The influx of Germans also is the result of a devalued dollar boosting the euro and aggressive marketing of Oregon in Europe as a premier tourist destination, say industry experts. German tour operators expect 400% growth in sales of Oregon travel packages, says Teresa O’Neil, director of sales and marketing at Travel Oregon, the state’s official tourism marketing organization. “We’re a bargain to them,” she says.

Germans are attracted to Oregon’s green initiatives, such as Portland’s mass transit system and TriMet line to the airport, and like Munich, Portland is internationally known for its beer. “We call it Munich on the Willamette,” O’Neil says. It also helps that Germans typically receive up to six weeks of vacation annually, Hoffmann says.

O’Neil also promotes Oregon at the annual March tourism convention in Berlin. She says one German tour agency she works with has seen a 160% increase in sales of Oregon tour packages. Lufthansa, the German-based airline that added a direct flight between PDX and Frankfurt five years ago, says the number of leisure travelers using the route is significantly up from this time last year. The airline doesn’t release exact figures.

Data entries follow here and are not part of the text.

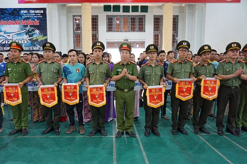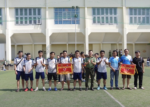 Lãnh đạo Công an tỉnh trao cờ lưu niệm cho các đội tuyển
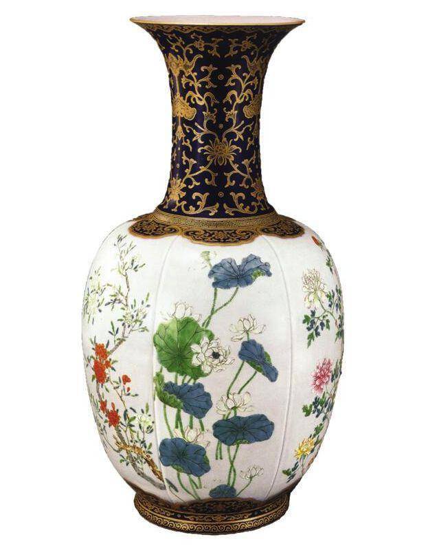 图丨粉彩霁蓝釉描金花卉纹六瓣瓜棱大瓶
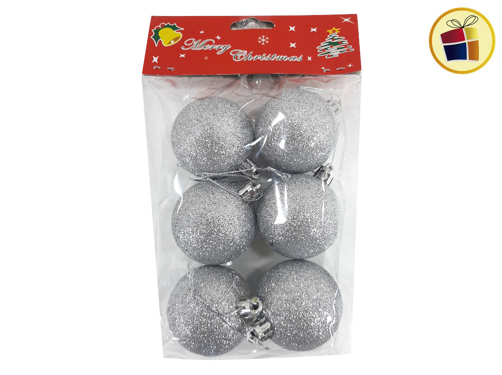 "P.C1.C2"GLOBO N° 5 X6 PLATA CON BRILLO NAVIDEÑO FLUSS (BX-0027/700275)
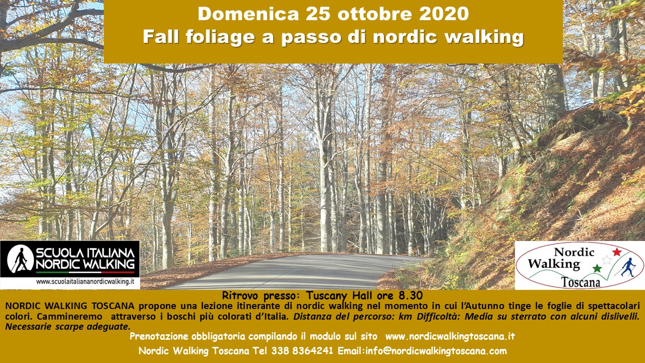 Lezione itinerante di nordic walking su un percorso che ci permetterà di ammirare al meglio il colore delle foglie di autunno. Andremo sul crinale del Pratomagno ad ammirare uno dei più bei foliage d’Italia. Il percorso é sterrato e non presenta particolari difficoltà. E’ necessario abbigliamento adeguato in quanto la lezione si svolgerà ad una altitudine di circa 1200 m. Durata prevista 3 ore. km 8

Guest ranches in Oregon that are popular with Europeans, especially Germans, are seeing increased reservations for this summer. Eva Gill, part owner of Rock Springs Dude Ranch in Bend, says 21.5% of her booked clients this year are Europeans, a 13.5% increase from 2007. Long Hollow Ranch in Central Oregon says reservations are down, but one bright spot has been an increase in European clients.

German tourists are a windfall for local hotels, too.

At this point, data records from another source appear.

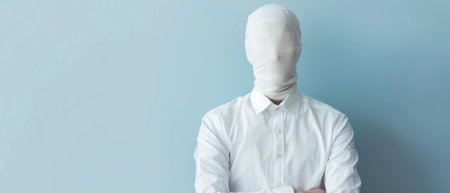 A person stands in front of a blue wall, wearing a white button-up shirt. Their face is completely covered with a white bandage. Their arms are crossed in front of them.
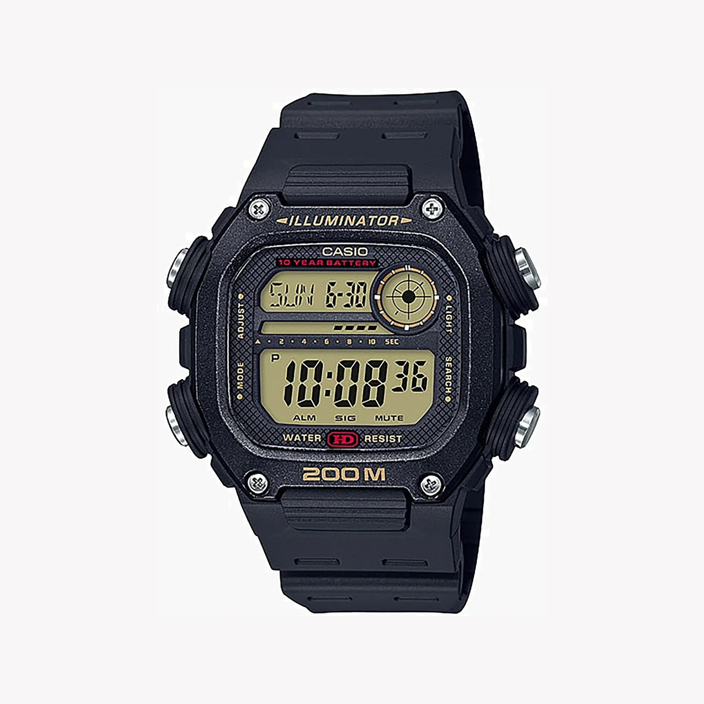 The CASIO DW291H-9A is a rugged digital watch that combines durable design with practical everyday features. Built with a tough resin case and band, this model offers excellent 200-metre water resistance and a 10-year battery life, making it ideal for sports, travel, outdoor adventures, and daily wear. Its bold digital display includes world time for global travellers, a precise stopwatch, countdown timer, multiple alarms, and a bright LED backlight — all designed for reliability and convenience wherever life takes you.
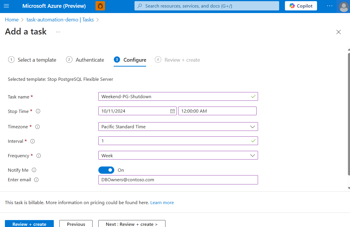 Under Configure, provide a name for the task and any other information required. When you're done, select Review + create.
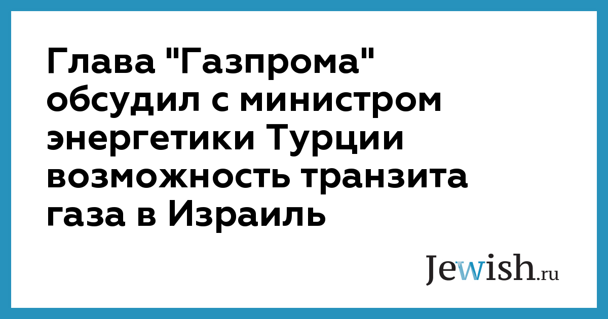 Глава "Газпрома" обсудил с министром энергетики Турции возможность транзита газа в Израиль

At Portland-based Provenance Hotels, domestic business is down but international bookings are up 19% through April from the same time last year. Of that, 65% are Germans and Dutch, says chief operating officer Howard Jacobs. Speak German? If so, the hotels are hiring, Jacobs says.

The Heathman Hotel in Portland is seeing a similar trend. In response, the hotel has added more foreign language television stations, says general manager Chris Erickson.

“Right now Oregon has a blue light on top of it,” he says. “And it is shouting blue-light special.”